This is a complete assault on the first amendment. Hey, Mr. Schwarzenegger, ever heard of this thing called freedom of the media?
If you don't want your kids playing violent games, don't buy them one. Wait, you gave your 7 your old a violent shooter, and his behavior changed? No *censored.2.0* Sherlock. 
On the other hand, parents need to make the ultimate decision. I can play most M games, I'm not violent, and I do very well in school. My parents knew they could trust me, whereas other parents knew they should wait until their kid is older.


----------



## Bacon Boy (Sep 15, 2010)

Pear said:
			
		

> This is a complete assault on the first amendment. Hey, Mr. Schwarzenegger, ever heard of this thing called freedom of the media?
> If you don't want your kids playing violent games, don't buy them one. Wait, you gave your 7 your old a violent shooter, and his behavior changed? No *censored.2.0* Sherlock.
> On the other hand, parents need to make the ultimate decision. I can play most M games, I'm not violent, and I do very well in school. My parents knew they could trust me, whereas other parents knew they should wait until their kid is older.


This.

For me, it's not the point of the kids playing the M games (that's a different topic entirely), it's about our first amendment right being attacked... again by this current administration (I don't just mean in washington).


----------



## Ciaran (Sep 15, 2010)

You shouldn't be allowed to sell video games to kids if the video games aren't appropriate for them.

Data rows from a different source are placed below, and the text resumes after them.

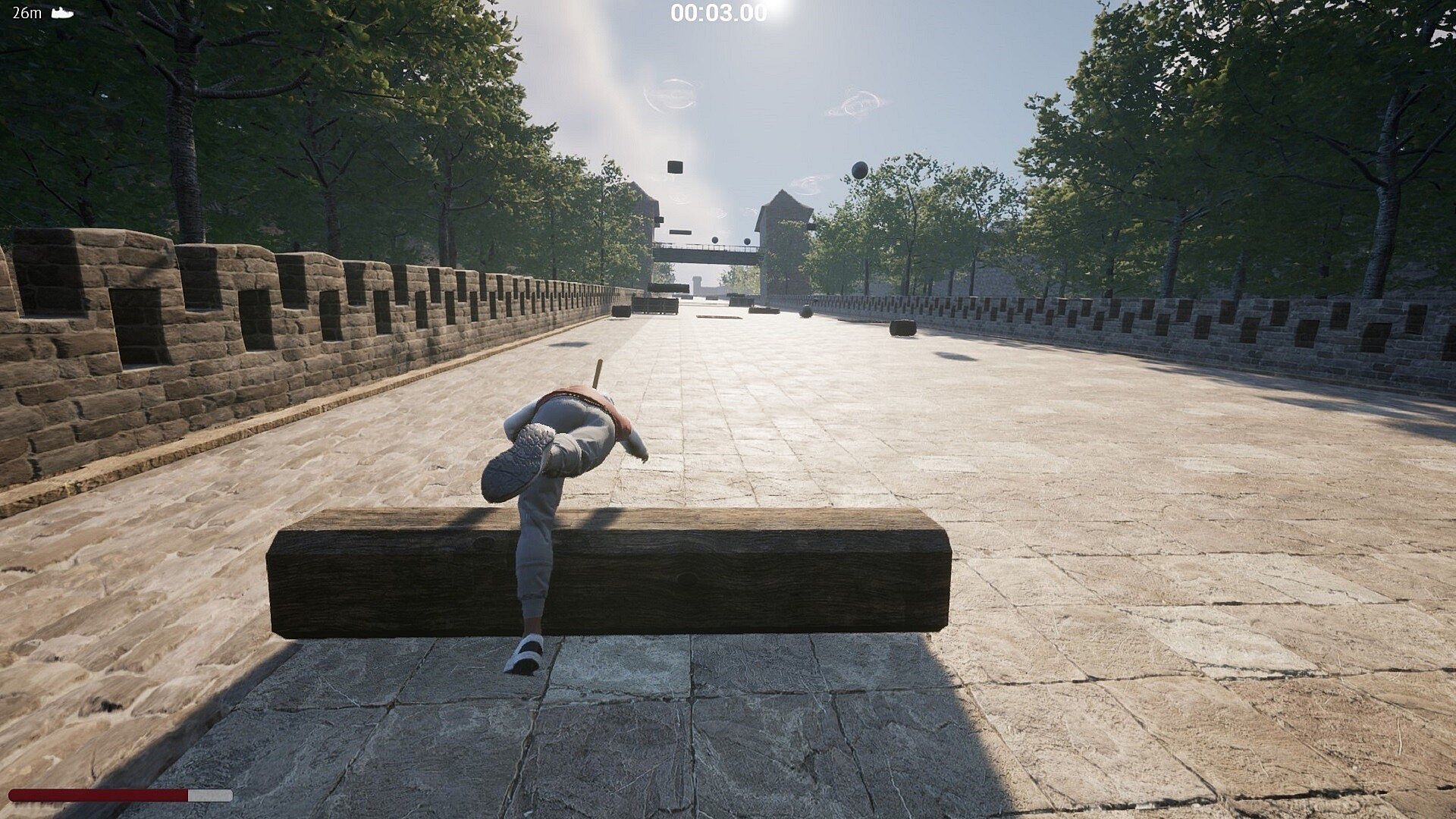 But beware! This isn’t just a simple running game – objects constantly fall from above and roll towards you. You need to skillfully dodge them, as getting hit too often means you'll have to restart. Your survival depends on your health bar, which shows how many hits you can still take.
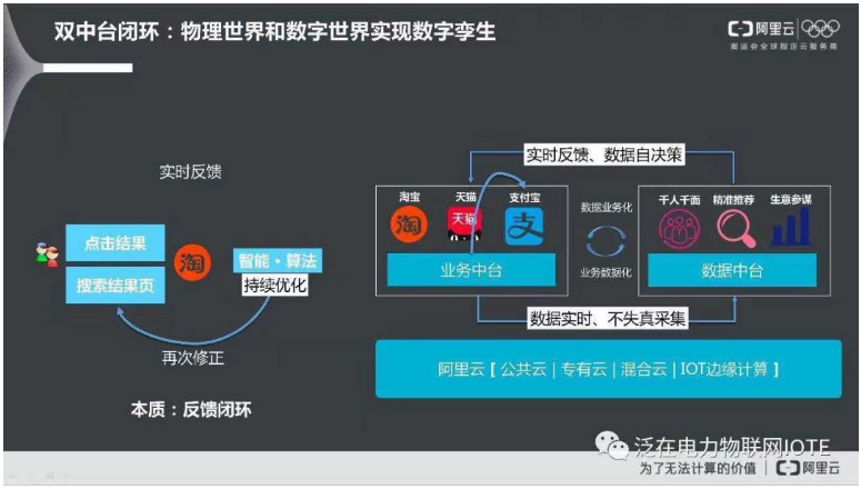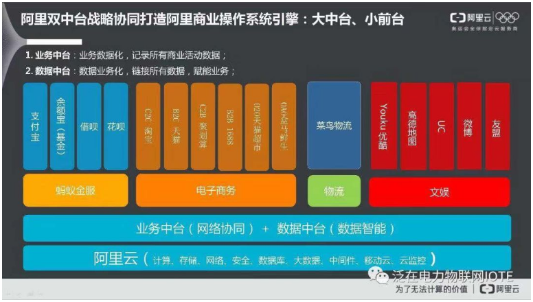 这张图诠释了阿里的商业操作系统的引擎:大中台,小前台,展示的很清晰了,特别提醒要理解两个重要概念:业务数据化和数据业务化。
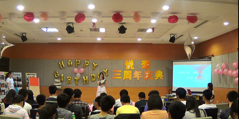 5月28日,全体悦牵成员在大学生活动中心103教室还举办了“时光不老、悦牵不离”三周年庆典晚会。晚会充满欢声笑语,感人的视频、精彩的表演、热闹的游戏、别具一格的祝福拉近了同学间的距离,使“悦牵”成为一个和谐的大家庭。
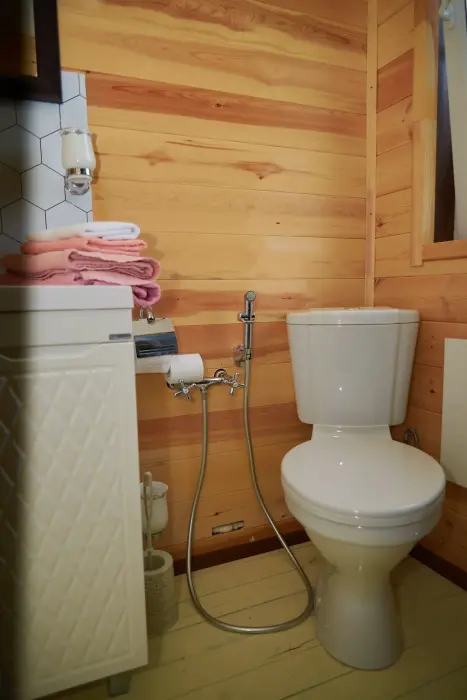 Ванная комната оснащена всеми необходимыми туалетными принадлежностями, полотенцами и феном.
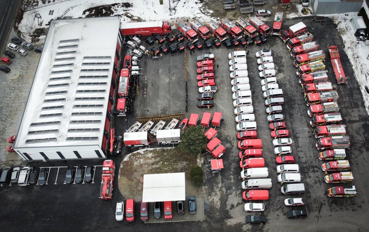 - 2 średnie i 5 ciężkich samochodów ratowniczo-gaśniczych,

But if a parent wants to buy a kid a violent video game, that's their own choice, and as long as it clearly says on the box why the game got the rating, then I really don't give a *censored.3.0* what way the parents want to raise their kids.


----------



## VantagE (Sep 15, 2010)

*Cough* Places like GameStop already require for younger kids to have a parent who can consent for the kid to get a "M" rated games *Cough* We don't *censored.3.0*en need no ******** law for this. And its not the governments job for this its the parents job... They are the ones who need to be monitoring  their kids if they don't want to be playing certain video games or movies. All the parents who are wanting this law to take affect or just stupid ignorant parents who don't know how to take care of their own kids very well.


----------



## Yokie (Sep 15, 2010)

David said:
			
		

> Mojo said:
> 
> 
> 
> ...


Oh, so there aren't any M rated games on the Nintendo consoles???


----------



## Psychonaut (Sep 15, 2010)

Tyeforce said:
			
		

> I definitely think that the regulation of M-rated video games needs a lot of improving. Now, I may not like M-rated games myself, but I have nothing against them, and I certainly don't think that they should be downright banned. But they _do_ need to be restricted from children. It's unbelievable what I see everyday at work. Little kids, no older than 7 or 8, having their parents buy them these ultra violent games with adult themes and situations... It's ridiculous. And I can't do a damn thing about it, because as long as the parent has an ID, I have to sell it to them. The problem is that some parents just don't give a damn about what their children play, which is really unfortunate. These little kids are probably going home and calling people *****es and telling them to *censored.3.0* off on Xbox Live while shooting them in a violent rage. Not exactly the best lifestyle for a 7-year-old, don't you think? Just think of how these kids are going to turn out when they're older. No, I'm not saying that they're going to become thieves and murderers from the overly violent games. But being introduced to these kind of games at that young of an age certainly isn't going to affect them in a positive way. Maybe when they're at least in their teens it won't be so much of a concern, but even then it's still too young for a lot of people. That's why the 17+ age restriction should be enforced much better.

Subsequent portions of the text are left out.